Based on user inputs processed by API 206, processing unit 208 retrieves satellite and climatological images and data from external data sources 232. The climatological images and data from external data sources are also referred to as past climatological data of the first spatial resolution (e.g., high resolution). The past climatological data of the first spatial resolution may comprise historical or observed climatological images and data which may have been previously acquired by satellites or other external sources. In some example embodiments, the first spatial resolution is around 1 km.

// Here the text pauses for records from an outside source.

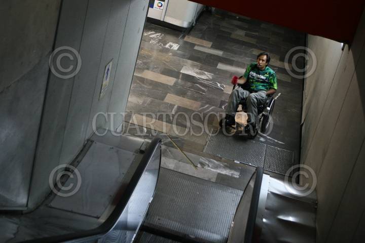 MÉXICO, D.F., 24FEBRERO2011.- Un minusválido pide limosna en uno de los andenes del Metro de la ciudad de México. FOTO: ISAAC ESQUIVEL/CUARTOSCUR5O.COM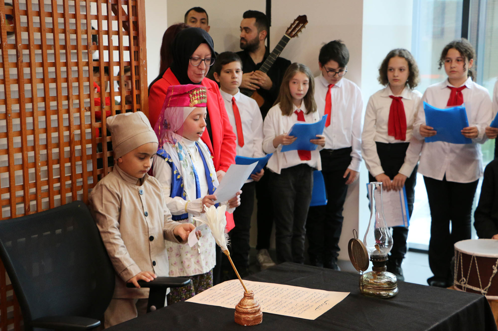 Saygı duruşu ve İstiklal Marşı ile başlayan programda milli marşımızın her kıtasını ayrı bir öğrenci okudu. SGM’li öğrenciler daha sonra oratoryo ve drama gösterisiyle bundan tam 108 yıl öne kanlarıyla toprağı sulayan, vatanları için canlarını siper eden kahraman şehitlerin hatırasını yâd etti.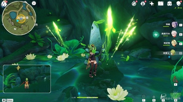 秘境【晴雨的经纬】的开启方法:在法留纳神机(大树干)处,小地图西南方向的通道过去,点亮草元素方碑,跟着绿光过去,弹琴拿健壮的草种子,借助四叶印过来,射击上面的草环,即可打开草屏障了,过去交互下,即可解锁秘境。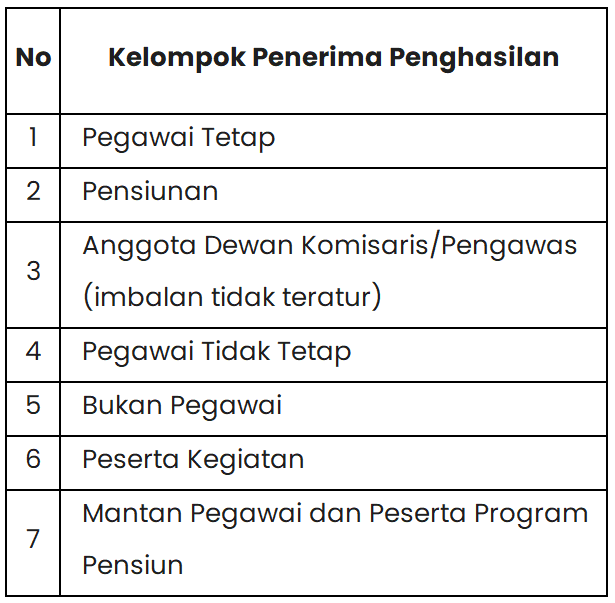 Penerima penghasilan yang dikenakan PPh Pasal 21 merupakan individu wajib pajak dalam negeri dengan penghasilan dari pekerjaan atau jasa. Peraturan Menteri Keuangan Nomor 168 Tahun 2023 menetapkan klasifikasi subjek pajak ini ke dalam beberapa kelompok utama. Berikut adalah rincian kelompok tersebut: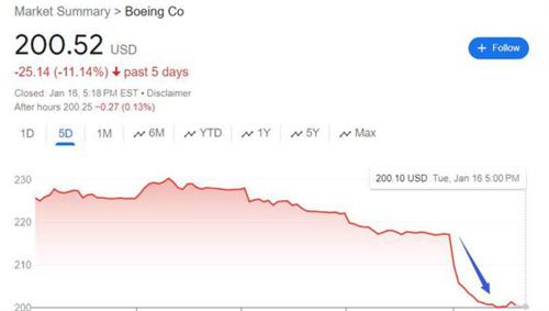 在機艙門事件發生以后逐漸發酵,1月16日當天,波音公司的股票價格下跌了7.9%,最終報價為每股200.51美元,總市值為1,213億美元,相當于在一夜之間蒸發了104億美元。根據美聯社報道,在當地時間1月15日,美國聯邦航空管理局表示,日本全日空航空公司旗下的一架波音系列飛機,于1月14日晚上在美國芝加哥奧黑爾國際機場滑行時,撞到了美國達美航空公司旗下的另一架波音系列飛機。

External data sources 232 may include multiple sources of geo-spatial data, such as, but not limited to, NASA, ESA, National Center for Atmospheric Research, US National Geophysical Data Center, providing historical time-series of satellite images on climate hazards, images of climate projections either directly produced by GCMs or downscaled versions such as NEX GDDP projections depending on climate hazard or climatological variable, as well as multiple additional informative data elements, such as but not limited to elevation and land burnability per geo-location. Data retrieval from these external sources may involve using APIs with associated authentication methods, such as the NASA MODIS API & Google Earth Engine service API, web scrapping, batch-download data from external servers such as MODIS S3 buckets, file transfer protocols, or other data retrieval methods, both from public data sources as well as paid vendors.
In some illustrative examples, computer system 204 in advance and independent of user query, may retrieve required data elements in available resolutions at a global scale and across relevant climatological variables, GCM models and CMIP scenarios from respective data providers and store them in internal data storage 210 (e.g., hard drive, database, cloud storage). Based on user input, API 206 may then filter and retrieve a subset of data elements specific to user query from internal data storage 210.

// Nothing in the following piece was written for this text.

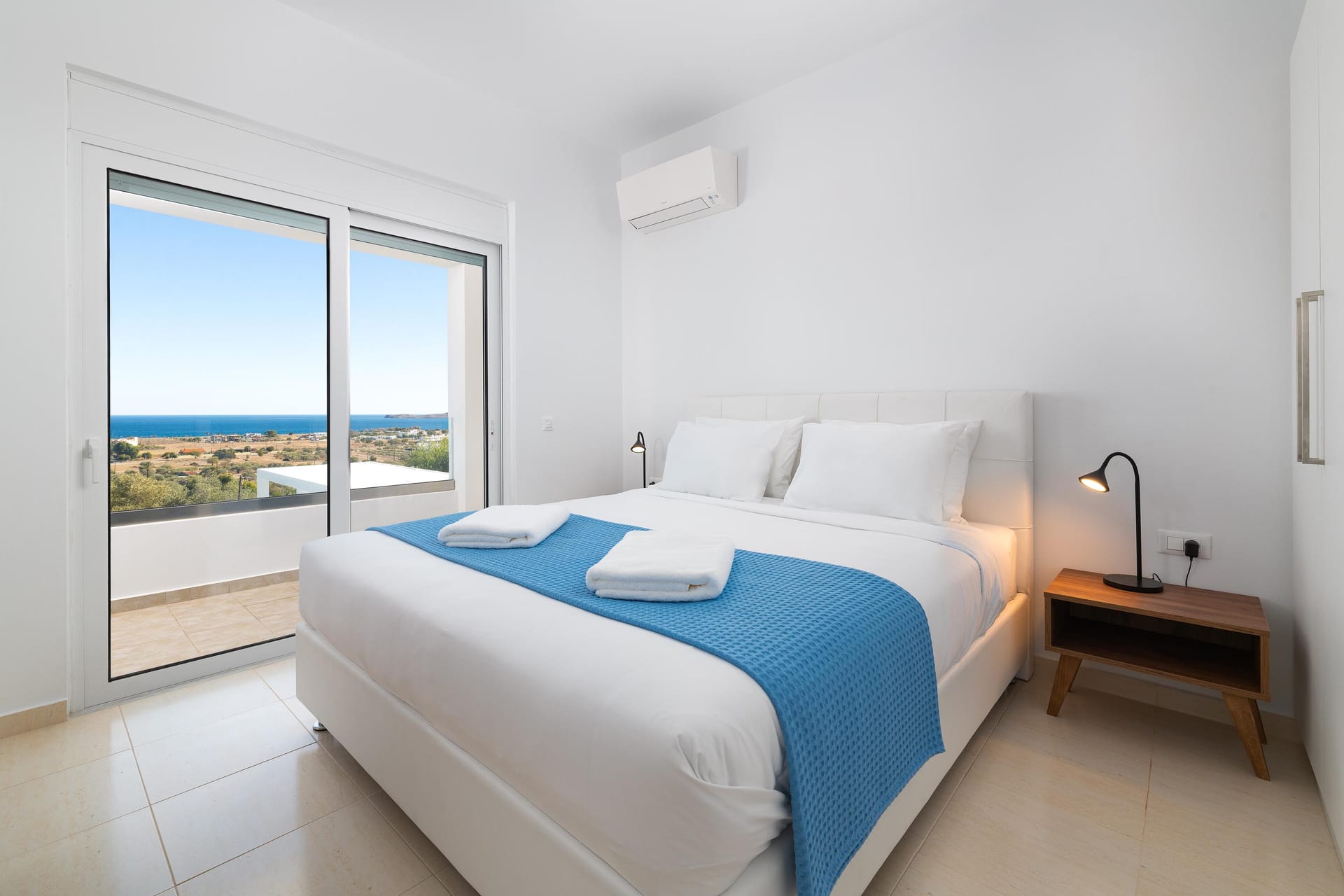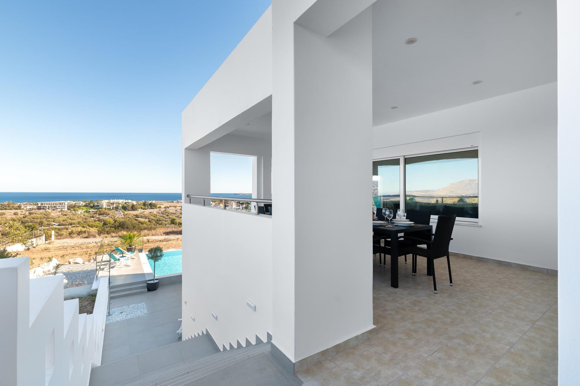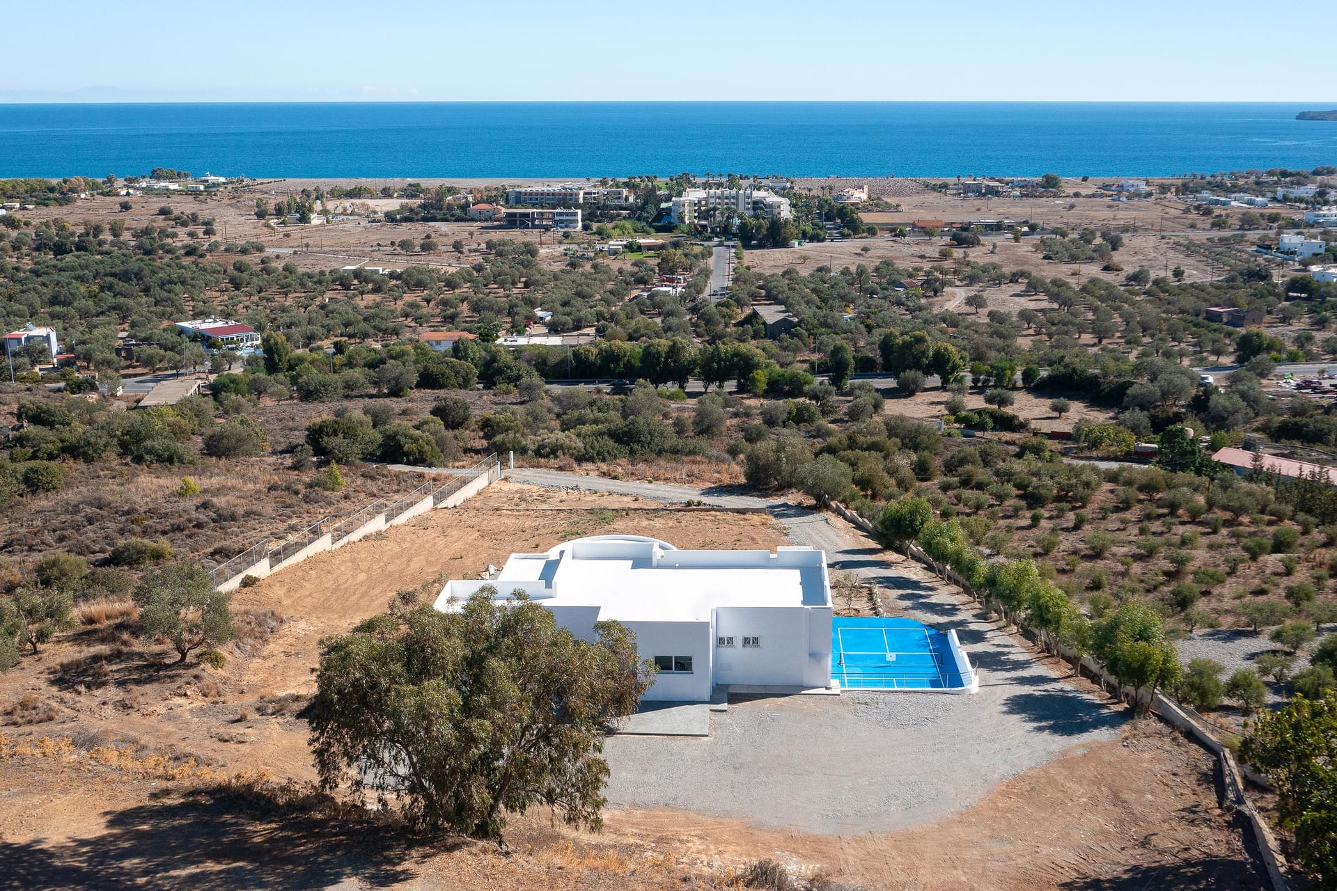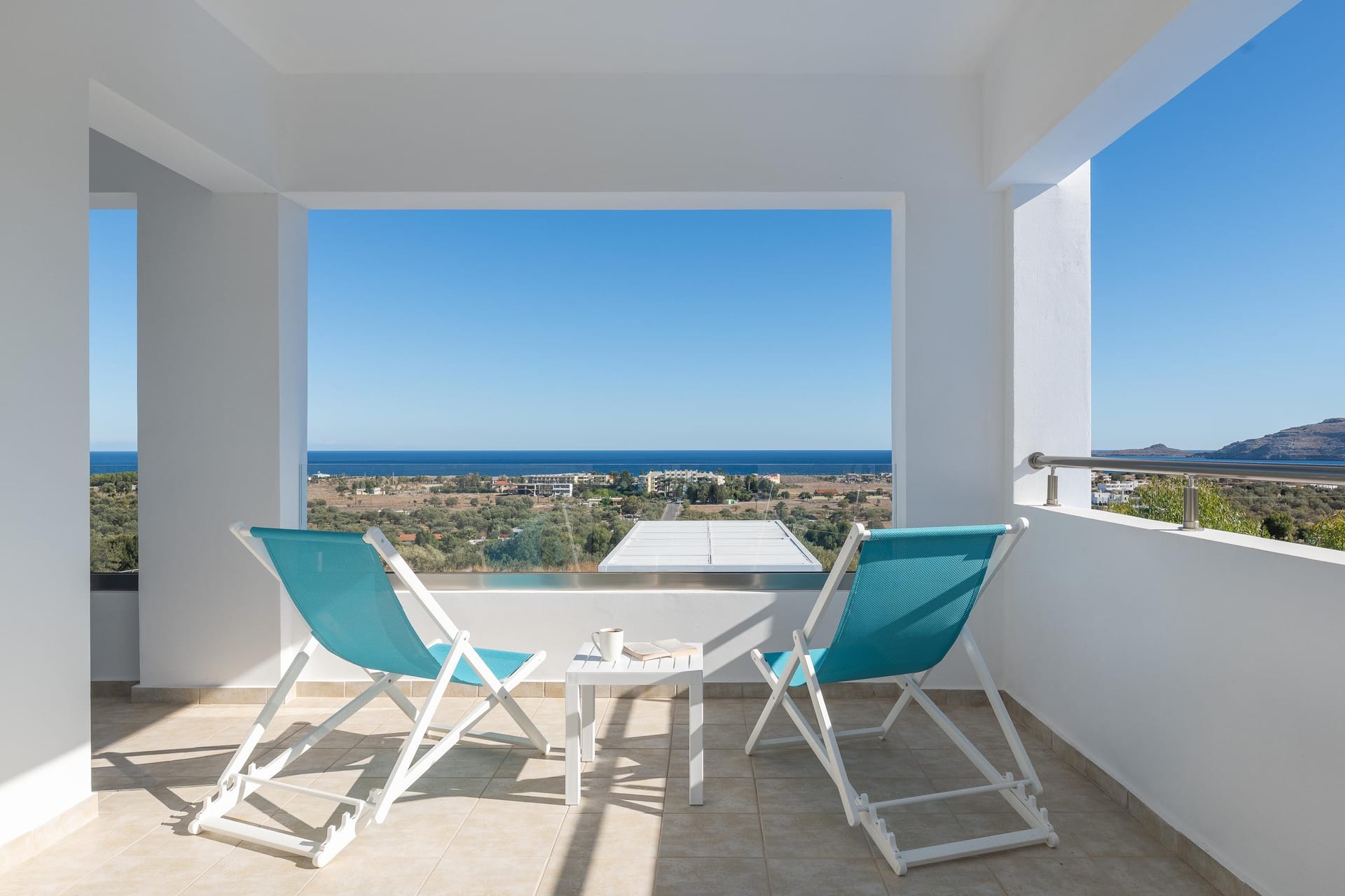 Outdoors, you’ll find a private swimming pool with stunning sea views, an outdoor BBQ, a dining area, and a comfortable sitting area for relaxing. For extra fun, there’s a pickleball court, the first of its kind on Rhodes. Whether you’re lounging by the pool, enjoying the balcony vi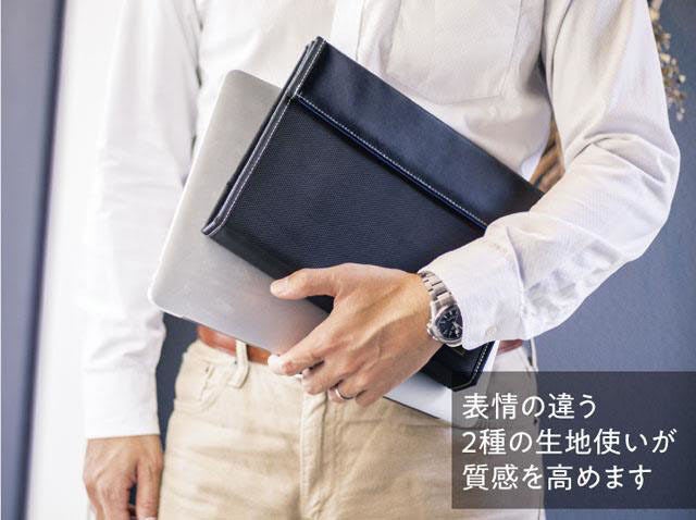 4.上質な合皮使いとステッチで、そのまま 持ち運んでもさまになるクールなデザイン。

In some illustrative examples, instead of prior data retrieval which may have a large data footprint, computer system 204 may dynamically retrieve only required data elements from multiple data providers from external data sources 232 based on a specific set of user requests as processed by API 206.
Data retrieved from external data sources 232 are stored in internal data storage 210 for persistent and faster access. Internal data storage 210 may include an internal database, such as, but not limited to PostGIS, cloud data storage, such as but not limited to Amazon S3, or other internal data storage for persistent storage and faster access.

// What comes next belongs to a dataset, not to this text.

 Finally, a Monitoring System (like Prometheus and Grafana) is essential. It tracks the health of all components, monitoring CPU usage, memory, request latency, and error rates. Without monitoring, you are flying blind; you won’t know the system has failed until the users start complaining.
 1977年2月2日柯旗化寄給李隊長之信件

Computer system 204 includes image processor 212 configured to pre-process the past climatological data of the first resolution retrieved from internal data storage 210. The past climatological data of the first spatial resolution may, for example, include raw data elements such as satellite data, satellite images and additional informative data elements, such as elevation. Image processor 212 generates past climatological data of the second spatial resolution based on the past climatological data of the first spatial resolution. The past climatological data of the second spatial resolution may be generated by, for example, converting or transforming the past climatological data of the first spatial resolution by interpolating and resampling the data. Thus, low-resolution data (e.g., past climatological data of the second spatial resolution) is generated from high-resolution data (e.g., past climatological data of the first spatial resolution) by interpolating and resampling the high-resolution data. In some example embodiments, the first spatial resolution is around 1 km, and the second spatial resolution is around 25 km. Image processor 212 prepares a set of training and validation data 214 in the form of pairs of the past climatological data of the first spatial resolution and the past climatological data of the second spatial resolution for deep learning models.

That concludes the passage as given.